Детские мечтания исподволь выпестовали в нем способность или склонность, в современных больших городах почти целиком напускную, по существу же весьма естественную, а для него едва ли не физиологическую — способность или склонность к патриотизму. Она существует, как и прочие пороки и добродетели, в некой сгущенной реальности, и ее ни с чем не спутаешь. Ребенок, восторженно разглагольствующий о своей стране или своей деревне, может привирать, подобно Мандевилю, или врать напропалую, как барон Мюнхгаузен, но его болтовня будет внутренне столь же неложной, как хорошая песня. Еще мальчишкой Адам Уэйн проникся к убогим улочкам Ноттинг-Хилла тем же древним благоговением, каким были проникнуты жители Афин или Иерусалима. Он изведал тайну этого чувства, тайну, из-за которой так странно звучат на наш слух старинные народные песни.
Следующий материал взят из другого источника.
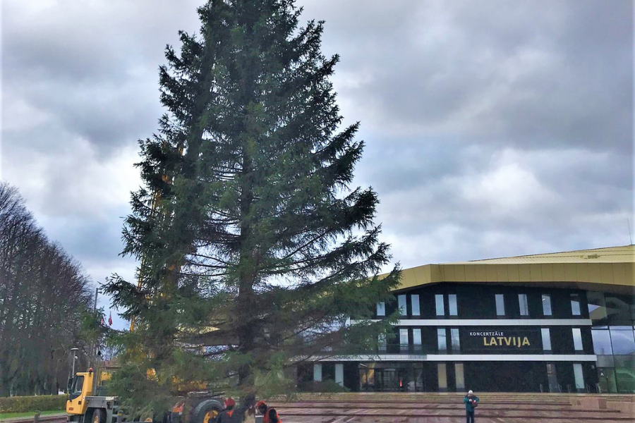 Lielajā laukumā uzstādīta galvenā Ziemassvētku egle

Он знал, что истинного патриотизма куда больше в скорбных и заунывных песнях, чем в победных маршах. Он знал, что половина обаяния народных исторических песен — в именах собственных. И знал, наконец, главнейшую психическую особенность патриотизма, такую же непременную, как стыдливость, отличающую всех влюбленных: знал, что патриот никогда, ни при каких обстоятельствах не хвастает огромностью своей страны, но ни за что не упустит случая похвастать тем, какая она маленькая.
Все это он знал не потому, что был философом или гением, а потому, что оставался ребенком. Пройдите по любому закоулку вроде Насосного — увидите там маленького Адама, властелина торца мостовой: он тем горделивее, чем меньше этот торец, а лучше всего — если на нем еле-еле умещаются две ступни.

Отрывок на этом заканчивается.